In deze zaak heeft de kantonrechter van de Rechtbank Amsterdam op 30 augustus 2019 uitspraak gedaan in een geschil tussen een eiser, vertegenwoordigd door mr. J.A.M. Van de Sande, en de naamloze vennootschap DAS Nederlandse Rechtsbijstand Verzekeringsmaatschappij N.V., vertegenwoordigd door mr. D.A. Pronk. De eiser had een rechtsbijstandverzekering afgesloten bij ASR Schadeverzekering N.V., die door DAS werd uitgevoerd. Het geschil ontstond naar aanleiding van een brief van de gemeente waarin werd aangegeven dat de eiser in strijd met het bestemmingsplan handelde door zijn woning via Airbnb te verhuren. DAS weigerde dekking te verlenen voor de juridische kosten die de eiser maakte in zijn geschil met de gemeente, omdat zij van mening was dat er geen sprake was van tijdelijke verhuur, maar van een commerciële activiteit.
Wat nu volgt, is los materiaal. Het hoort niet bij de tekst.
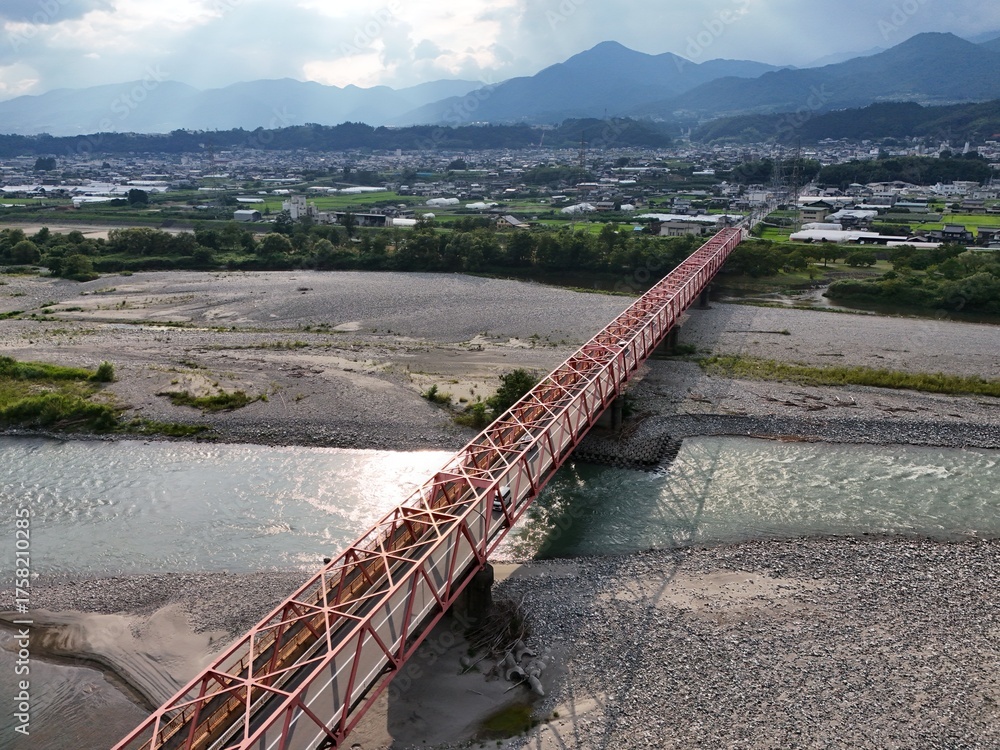A red bridge spans a river with a city in the background. The bridge is a large, red structure that spans the river

De kantonrechter heeft de polisvoorwaarden van de rechtsbijstandverzekering uitgelegd en geconcludeerd dat de eiser wel degelijk recht had op dekking. De rechter oordeelde dat de uitleg van DAS over de voorwaarden niet in overeenstemming was met de bewoordingen van de polis en het normale spraakgebruik. De kantonrechter stelde vast dat de verhuur door de eiser onder het begrip 'tijdelijke verhuur' viel, zoals bedoeld in het dekkingsoverzicht van de polis. Hierdoor was het geschil met de gemeente gedekt door de rechtsbijstandverzekering.
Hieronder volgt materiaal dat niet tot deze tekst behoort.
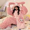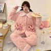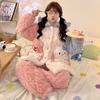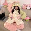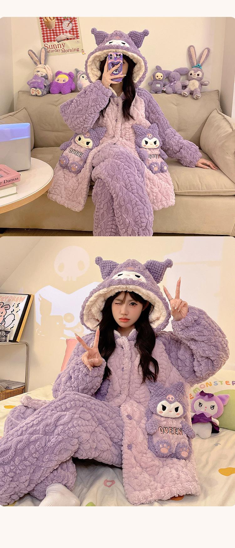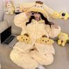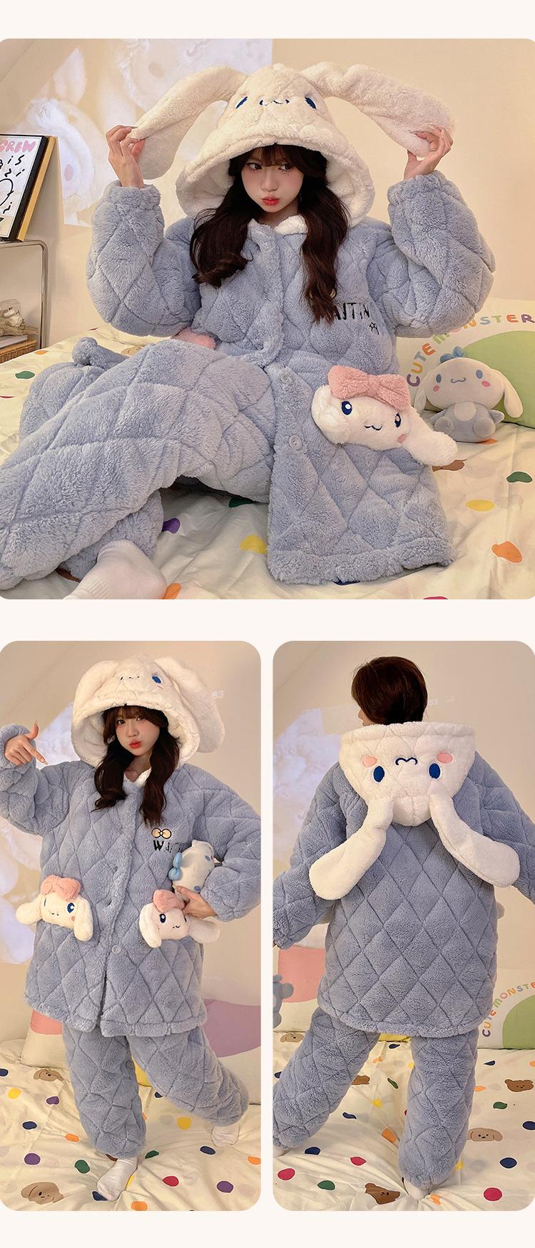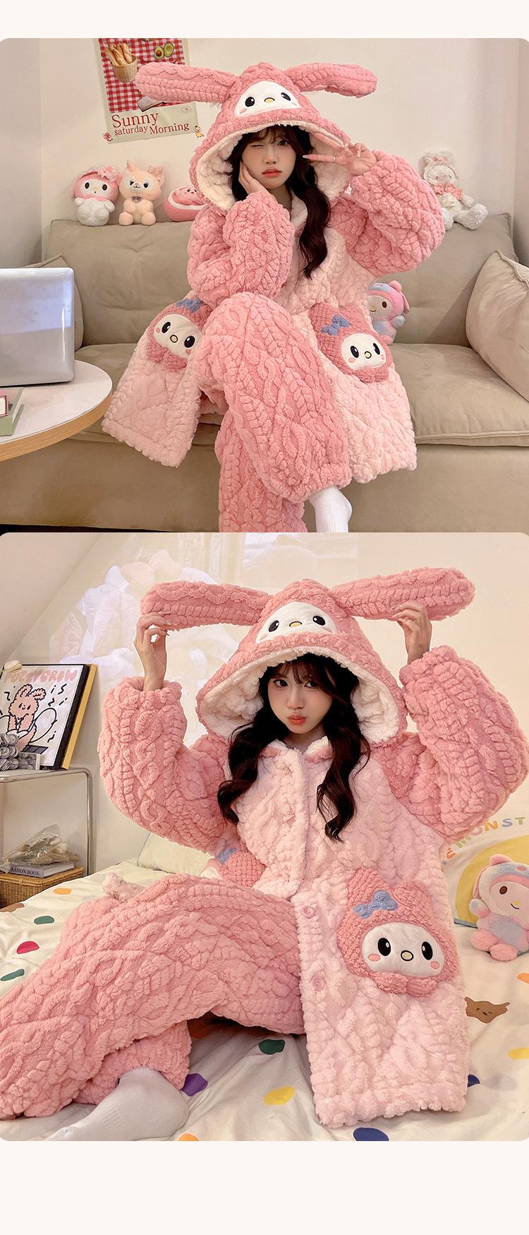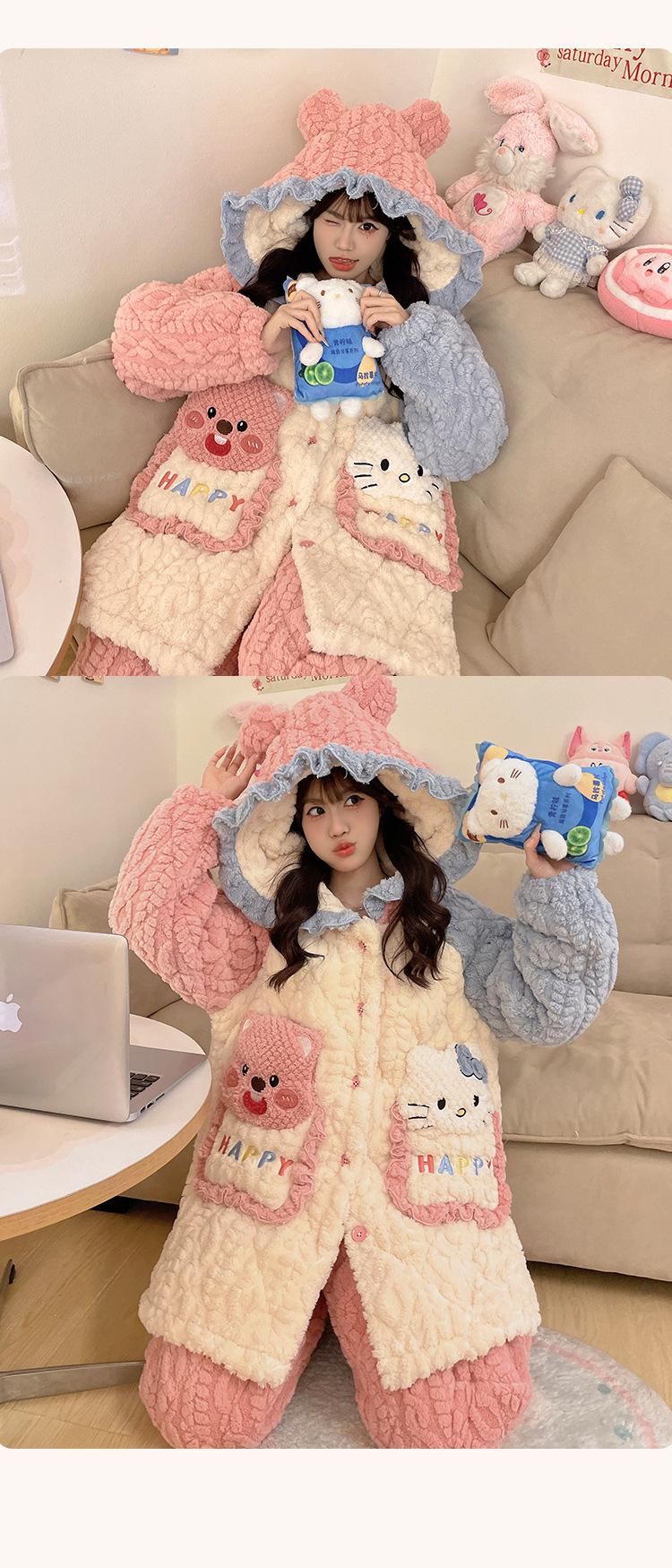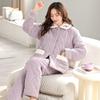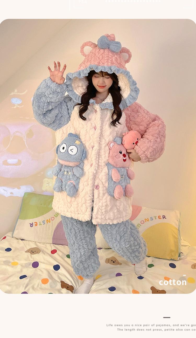 Pijama grueso de tres capas acolchado de vellón coral para mujer, con cremallera de invierno, con capucha, ropa nueva para el hogar, franela cálida con forro polar

De rechter heeft DAS veroordeeld tot betaling van de door de eiser gemaakte kosten van rechtsbijstand, die in totaal € 10.358,11 bedroegen, bestaande uit € 5.960,88 voor de kosten van een externe advocaat en € 4.397,23 voor de kosten van rechtsbijstand in deze procedure. Daarnaast is DAS veroordeeld in de nakosten van de eiser. Het vonnis is uitvoerbaar bij voorraad verklaard, en het meer of anders gevorderde is afgewezen.